Exercise -> With images removed, return the whole listing exactly as written.

Data listing ->

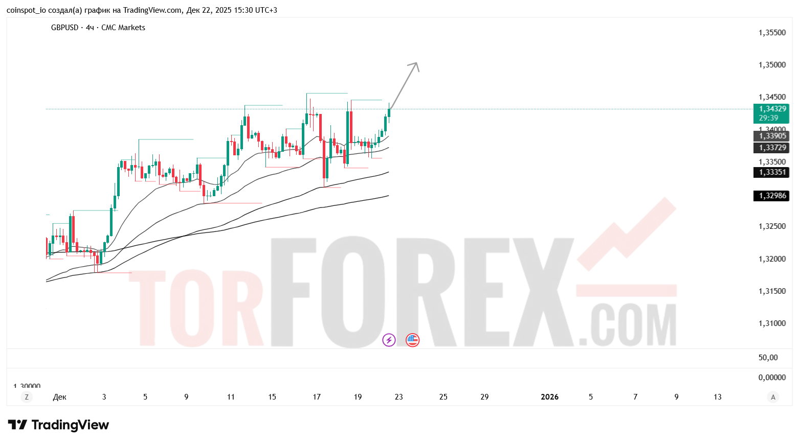 На 23 декабря 2025 года GBP/USD демонстрирует устойчивый восходящий импульс. Основной сценарий — рост к 1.3470–1.3500 USD при пробое сопротивления. Альтернативный сценарий — снижение к 1.3290–1.3260 USD при отказе от уровня 1.3435 USD.
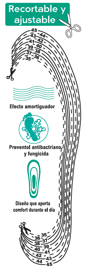 Estas plantillas están pensadas para amortiguar la pisada, reduciendo la presión sobre los pies y las articulaciones. Gracias a su estructura ergonómica, proporcionan soporte y estabilidad, ayudando a mantener una postura corporal equilibrada incluso durante un uso prolongado.
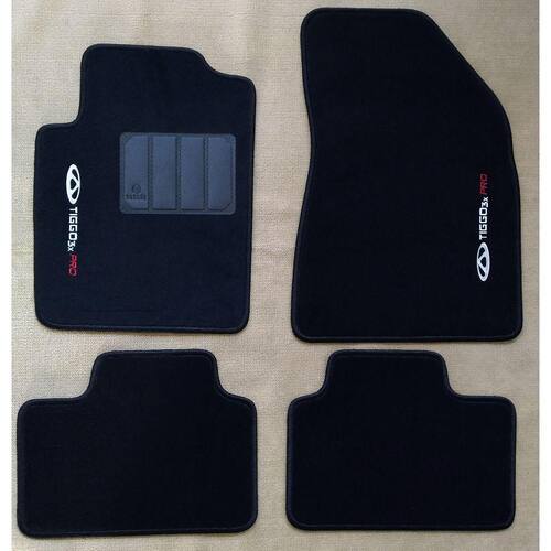 JOGO COM 4 TAPETES EM CARPETE, BASE EM PVC NA COR PRETA
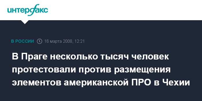 Манифестанты выступили против планов размещения в Чехии радиолокационной станции ПРО США. Более 2 тысяч человек участвовали в шествии от Пражского Града до здания американского посольства с лозунгами: "Нет военным базам!", "Мы не овцы, хотим участвовать в принятии решений"!
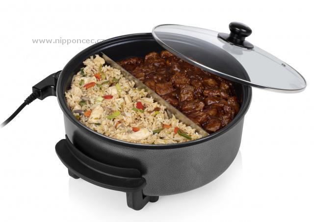 Elektrická pánev Tristar PZ 9135 vyrobená z robustního kovu potaženého kvalitní nepřipékavou úpravou na bázi teflonu. Objem pánve 5 litrů je dostatečný na přípravu jídla pro celou rodinu. Elektrická pánev má odnímatelný přívodní kabel s nastavitelným termostatem. Součástí pánve je přepážka, kterou je možné rozdělit pánev na dvě části a připravovat tak zároveň dva pokrmy současně. Pánev lze využít k udržení teploty již hotových pokrmů.
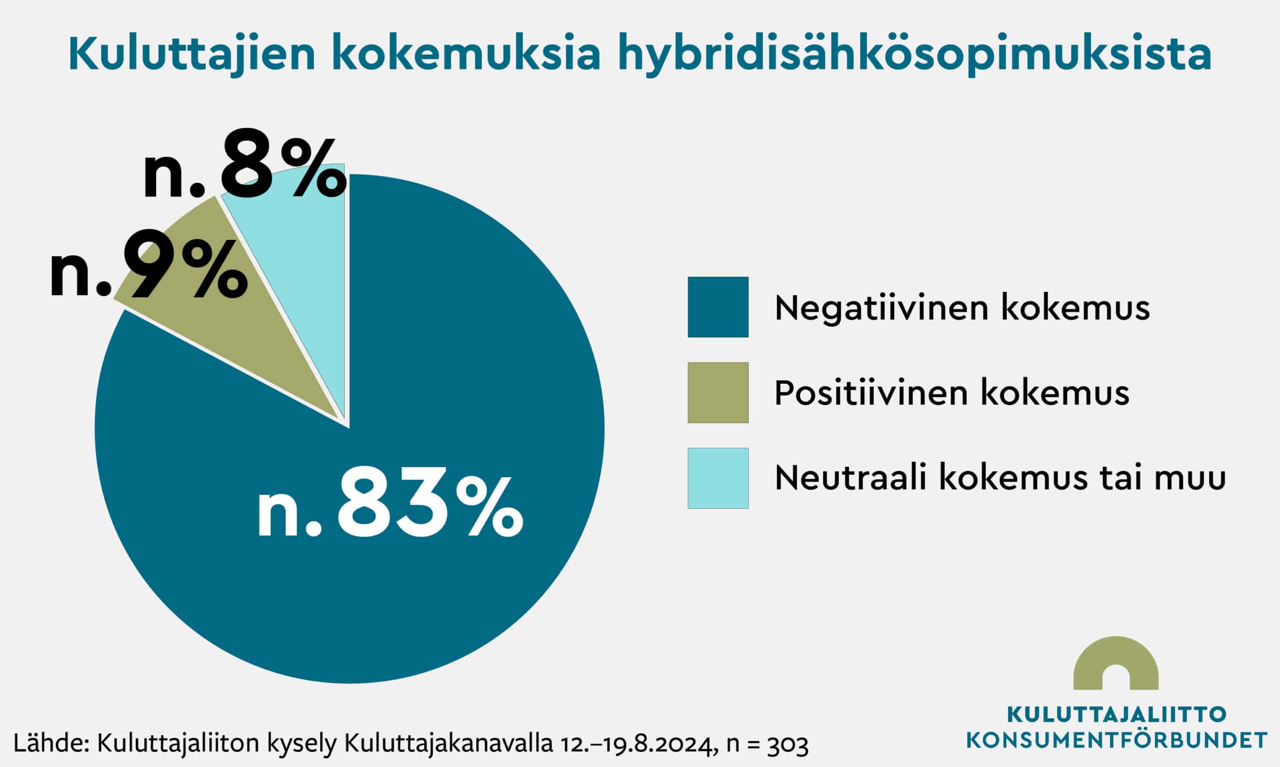 ”Yhteensä 250 vastaajaa (n. 83 %), raportoi negatiiviseksi luokiteltavasta kokemuksesta hybridisähkösopimukseen liittyen”, kertoo Kuluttajaliiton pääsihteeri Juha Beurling-Pomoell. 28 vastaajaa (n. 9 %) puolestaan oli tyytyväisiä sopimustyyppiin. 25 kpl (n. 8 %) vastauksista oli neutraaleja. Kursiivilla olevat tekstit ovat lainauksia kyselyn vastauksista.
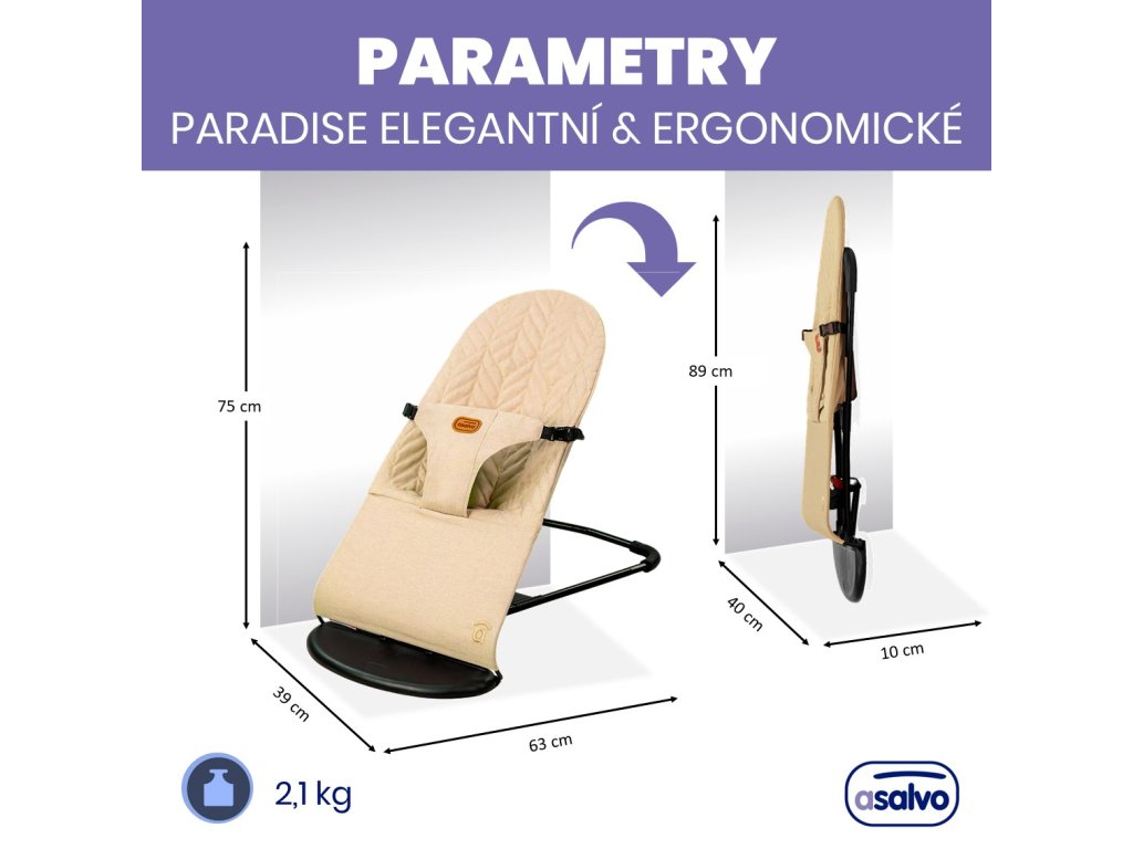 Ergonomické lehátko ASALVO PARADISE je vhodné k odpočinku pro děti od narození do 9 kg.

Worked solution ->
 На 23 декабря 2025 года GBP/USD демонстрирует устойчивый восходящий импульс. Основной сценарий — рост к 1.3470–1.3500 USD при пробое сопротивления. Альтернативный сценарий — снижение к 1.3290–1.3260 USD при отказе от уровня 1.3435 USD.
 Estas plantillas están pensadas para amortiguar la pisada, reduciendo la presión sobre los pies y las articulaciones. Gracias a su estructura ergonómica, proporcionan soporte y estabilidad, ayudando a mantener una postura corporal equilibrada incluso durante un uso prolongado.
 JOGO COM 4 TAPETES EM CARPETE, BASE EM PVC NA COR PRETA
 Манифестанты выступили против планов размещения в Чехии радиолокационной станции ПРО США. Более 2 тысяч человек участвовали в шествии от Пражского Града до здания американского посольства с лозунгами: "Нет военным базам!", "Мы не овцы, хотим участвовать в принятии решений"!
 Elektrická pánev Tristar PZ 9135 vyrobená z robustního kovu potaženého kvalitní nepřipékavou úpravou na bázi teflonu. Objem pánve 5 litrů je dostatečný na přípravu jídla pro celou rodinu. Elektrická pánev má odnímatelný přívodní kabel s nastavitelným termostatem. Součástí pánve je přepážka, kterou je možné rozdělit pánev na dvě části a připravovat tak zároveň dva pokrmy současně. Pánev lze využít k udržení teploty již hotových pokrmů.
 ”Yhteensä 250 vastaajaa (n. 83 %), raportoi negatiiviseksi luokiteltavasta kokemuksesta hybridisähkösopimukseen liittyen”, kertoo Kuluttajaliiton pääsihteeri Juha Beurling-Pomoell. 28 vastaajaa (n. 9 %) puolestaan oli tyytyväisiä sopimustyyppiin. 25 kpl (n. 8 %) vastauksista oli neutraaleja. Kursiivilla olevat tekstit ovat lainauksia kyselyn vastauksista.
 Ergonomické lehátko ASALVO PARADISE je vhodné k odpočinku pro děti od narození do 9 kg.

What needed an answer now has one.